HDFS consists of namenode, secondraynamenode and datanode.

n+1 model

namenode is responsible for managing datanodes and recording metadata

secondraynamenode is responsible for merging logs

DataNode stores data

2.27. What if one of the three datanodes has an error?

The data from this data node will be backed up again on the other data nodes.

2.28. Describe where cache mechanisms are used in hadoop, and what are their functions?

After mapreduce submits the job's fetch id, all files are stored in a distributed cache so they can be shared by all mapreduce.

2.29. How to determine the health status of a hadoop cluster

Monitoring through pages, monitoring through scripts.

2.30. Why is external tables recommended in a production environment?

Because external tables do not load data into hive, data transmission is reduced and data can be shared.

Hive does not modify data, so there is no need to worry about data corruption.

3. When deleting a table, only the table structure is deleted, and the data is not deleted.

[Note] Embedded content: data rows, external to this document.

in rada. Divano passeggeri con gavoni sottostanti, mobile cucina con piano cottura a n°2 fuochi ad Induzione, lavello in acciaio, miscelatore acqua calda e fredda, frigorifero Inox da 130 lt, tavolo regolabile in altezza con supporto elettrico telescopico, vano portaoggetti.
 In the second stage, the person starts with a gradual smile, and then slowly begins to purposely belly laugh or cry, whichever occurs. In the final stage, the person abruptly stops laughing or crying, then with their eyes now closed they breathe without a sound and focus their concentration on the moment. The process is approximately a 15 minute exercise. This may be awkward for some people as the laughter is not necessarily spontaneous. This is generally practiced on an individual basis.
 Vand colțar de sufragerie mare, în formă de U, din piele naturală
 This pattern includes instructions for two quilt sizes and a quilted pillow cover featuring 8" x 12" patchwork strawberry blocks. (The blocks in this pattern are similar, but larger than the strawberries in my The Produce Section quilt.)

Thank you for your reading. The above is the content of "What are the latest big data interview questions in 2021?" After studying this article, I believe you have a deeper understanding of what are the big data interview questions in the latest version of 2021. The specific use situation still needs to be verified by practice. Here is, Xiaobian will push more articles related to knowledge points for everyone, welcome to pay attention!

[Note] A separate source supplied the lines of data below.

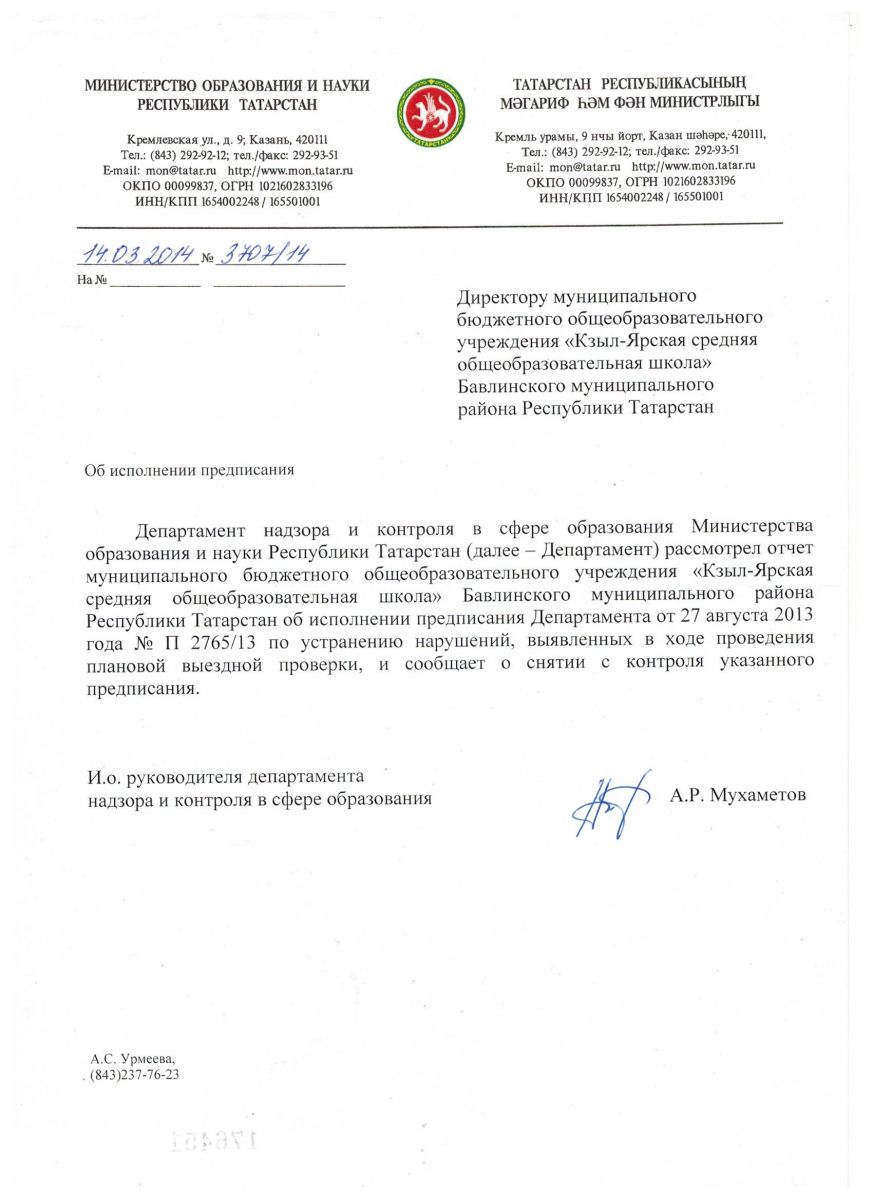 Предписание об устранении нарушений Министерства образования и науки РТ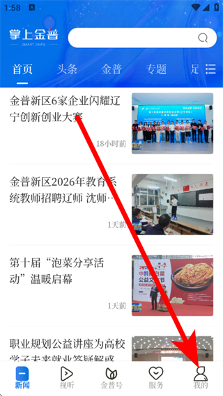 1、打开掌上金普,点击底部我的,进入个人中心页面。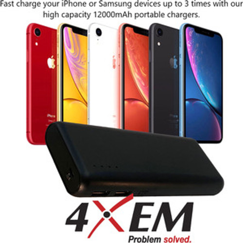 4XEM fast charging 12000mAh portable power bank for iPhone, Samsung Galaxy S9, LG, Motorola delivers a quick charge to keep you going. This compact 2.4A 12000mAh fast charging battery pack is easy to carry, very reliable and efficient. Charge any smart phone at least 2-3 times. Our 12000mAh battery charger is light and compact making it your ideal charger when you are on the move. Charge your Samsung Galaxy S10 at least twice and your iPhone 8 or iPhone 11 up to 4 times quickly without harming your device. All our portable chargers have 4 LED indicators representing 25% capacity to let you know when you need a re-charge. Compatible with smartphones, smart watches, fitness bands, headphones, Bluetooth speakers, cameras and other Bluetooth devices.4XEM wireless fast charging power banks are backed by our unmatched 1-year warranty!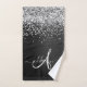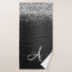 Custom Silver Glitter Black Sparkle Monogram Bath Towel Set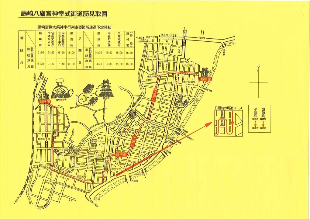 This map shows the route and times for Sunday’s parade. You can find the original at http://www.fujisakigu.or.jp/reisai/onmitisuji.html

Welcome to subscribe "Shulou Technology Information " to get latest news, interesting things and hot topics in the IT industry, and controls the hottest and latest Internet news, technology news and IT industry trends.

*The comments in the above article only represent the author's personal views and do not represent the views and positions of this website. If you have more insights, please feel free to contribute and share.